- Built: First Phase: 2021–2024 (planned); Second Phase: 2024–2026 (planned);
- Location: Jamnagar, India
- Coordinates: 22°22′37.02″N 69°54′14.03″E﻿ / ﻿22.3769500°N 69.9038972°E
- Industry: Renewable energy;
- Products: Lithium-ion batteries; Solar panels; Powerwall; Megapack;
- Area: Land: 7.8125 sq mi (20.234 km^{2}; 5,000.0 acres);
- Owner: Reliance Industries
- Website: www.ril.com/OurBusinesses/New-Energy.aspx

= Dhirubhai Ambani Green Energy Giga Complex =

Renewable energy manufacturing complex

The Dhirubhai Ambani Green Energy Giga Complex (also known as Jamnagar Green Energy Giga Complex) is a mega project being developed by Reliance Industries in Jamnagar, Gujarat, India. This is a fully integrated renewable energy manufacturing complex that will build gigafactories for photovoltaic panels, energy storage, green hydrogen, electrolyzers and fuel cells systems. The complex is being built on a 5000 acre site and is expected to cost ₹75,000 crores (US$10 billion).
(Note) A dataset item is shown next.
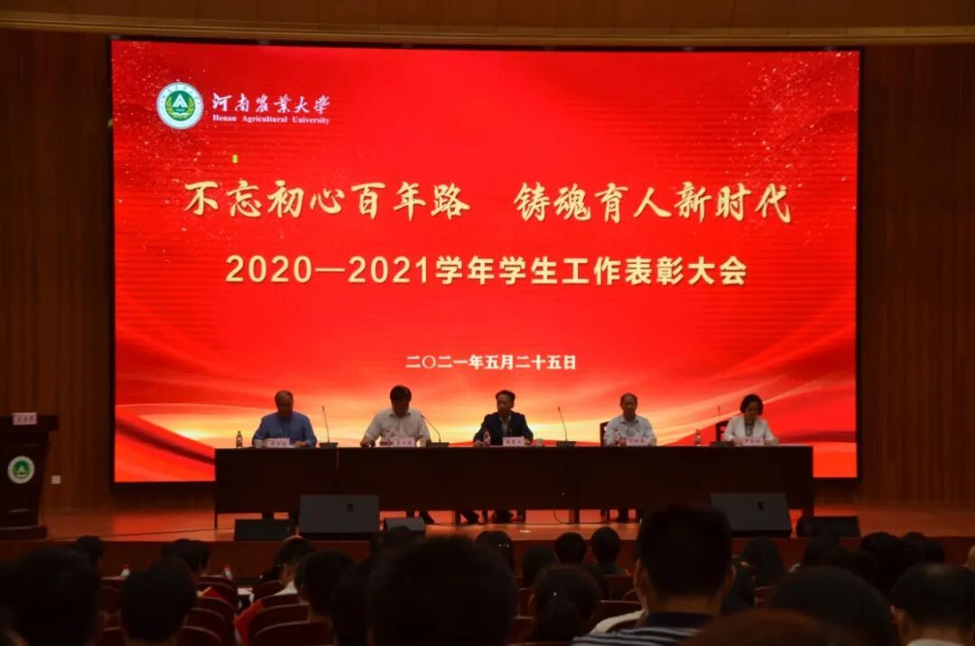 本网讯(审稿:陈桃 供稿:黄湘)5月25日晚七点,太阳城App 在龙子湖校区图书馆一楼报告厅举行了“不忘初心百年路,铸魂育人新时代”2020-2021学年学生工作表彰大会。校党委书记魏蒙关、校长介晓磊等领导班子成员出席会议。太阳城App 师生代表参加表彰大会。会议由校党委副书记、工会主席李成吾主持。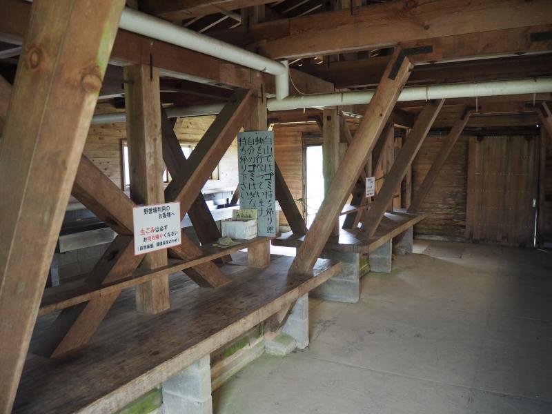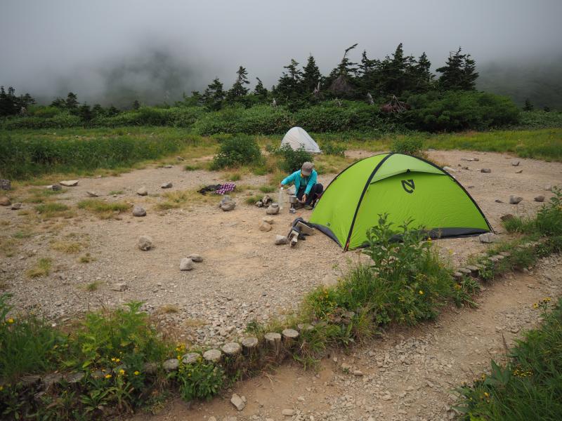 テント場は開けていて開放感たっぷり。何区画かに分かれていて全部で100張ほどたてられるらしい。きれいにならされていて初心者の人でも張りやすくペグもしっかりさせる。炊事場があり雨が降っても大丈夫だ。所々ベンチやテープルがあるので早く到着するとベストポジションを確保できる(今日は遅かった、、、)

The first phase of the project, which includes the construction of a 20 GW solar photovoltaic module factory, is expected to be completed by 2023, 5 GWh annual cell to pack manufacturing facility by 2024, and further scale up to 50 GWh & 100 GWh annual capacity by 2027 & 2030.

In 2021, Mukesh Ambani announced as part of the annual company report that Reliance has begun construction on the Dhirubhai Ambani Green Energy Giga Complex.